In addition to the churches in Podnanos, other cultural heritage includes the following:
- Roženek Manor (Vila Roženek, Roseneck), also known as Dolenc Manor (Dolenčeva graščina), is a rural structure located northwest of Saints Cosmas and Damian Church in the hamlet of Podbrje. It has a rectangular layout and an internal courtyard. On the south side there is an outbuilding with a pergola with stone columns. The manor dates from the 17th century.

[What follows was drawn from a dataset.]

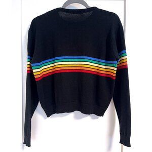 Brandy Melville Rainbow Retro Stripe Black Cotton Sweater

- Schiwitzhofen Manor (Vila Schiwitzhofen), also known as Živec Manor (Živčeva graščina), is a rural structure located southeast of Saints Cosmas and Damian Church in the hamlet of Podbrje. It features stone door frames, window frames, and a cantilevered cornice. It has a long rectangular layout consisting of a residential building with a small arcaded courtyard, an outbuilding, and a garden. The manor dates from the 17th century.

==Notable residents==
- Stanko Premrl (1880–1965), priest and composer of the national anthem of Slovenia
- Janko Premrl (nom de guerre Vojko, 1920–1943), anti-fascist resistance fighter and organizer of the Slovenian Partisan movement in the Slovenian Littoral
- Igor Rosa, slovenian motorcycle and industrial designer (Tomos)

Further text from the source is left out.